3. Fourteenth Century:
Mundinus or Mondino d'Luzzi (1276-1326) alao known as the "restorer of anatomy", was an Italian anatomistand professor at University of Bologna. He wrote a book named as Anathomia, after his death, Mondino was regarded as a "divine master" to such an extent that anything differing from the descriptions in his book was regarded as anomalous or even monstrous.

4. Fifteenth Century:
Leonardo di Vinci of Italy (1452-1519) had originated the cross sectional anatomy, also was one of the greatest geniuses the world has ever known. He made the observations that humours were not located in cerebral spaces or ventricles. He documented that the humours were not contained in the heart or the liver, and that it was the heart that defined the circulatory system. He was the first to define atherosclerosis and liver cirrhosis. He created models of the cerebral ventricles with the use of melted wax and constructed a glass aorta to observe the circulation of blood through the aortic valve by using water and grass seed to watch flow patterns. The drawing of his where created by his observation on dissection named as Treatise on painting.

5. Sixteenth Century:
Vesalius (1514-1564), also known as 'Reformer of Anatomy', was a professor at Padua. He challenged traditional anatomy by applying empirical methods of cadaveric dissection to the study of the human body by Galen thus reviving anatomy after a deadlock of about 15 centuries.
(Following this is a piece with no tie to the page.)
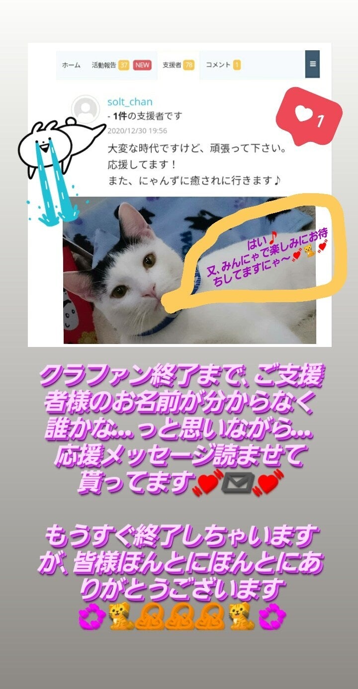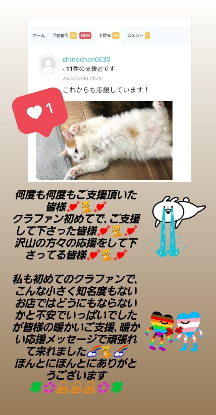 クラファン終了までご支援者様のお名前が分かりませんが、暖かい応援ご支援メッセージで頑張れてます!!!

His anatomical treatise De Febricia Humani Corporis, written in 7 volumes, revolutionized the anatomy which remained for 2 centuries. 

6. Seventeenth Century:
William Harvey (1578-1657) was an English physician who discovered the blood circulation. His has wrote and published it as Anatomical Exercise on the Motion of the Heart and Blood in Animals, The Works of William Harvey & The Circulation of the Blood and other writings. 

7. Eighteenth Century: 
William Hunter (1718-1783) was a London anatomist and obstetrician. His greatest work was Anatomia uteri umani gravidi. He and his brother founded Hunterian Museum. 

8. Nineteenth Century:
Dissection was mandatory for medical students. Formalin was used as a fixative in 1890s.
Roentgen discovered X-rays in 1895.
Various types of Endoscopes were devised between 1819 and 1899.
Few remarkable anatomists during this century were Ashley Cooper (British Surgeon), Cuvier (French Naturalist), Meckel (German Anatomist) and Henry Gray (wrote Gray's Anatomy).

9. Twentieth Century:
Electron Microscope was invented and also its various modificationsof itswere also devised like transmission EM & SEM, etc.
Ultrasonography & echocardiography were discovered. 
CT - Scan and MRI were devised.
Tissue culture was developed. 
Infertility was discovered, which gave hopes to families Gamete Intrafallopian Transfer (GIFT) was started. 

10. Twenty First Century:
Foetal medicine and 'in-utero' treatments are emerging.
Many vaccines are researched for various diseases including COVID 19.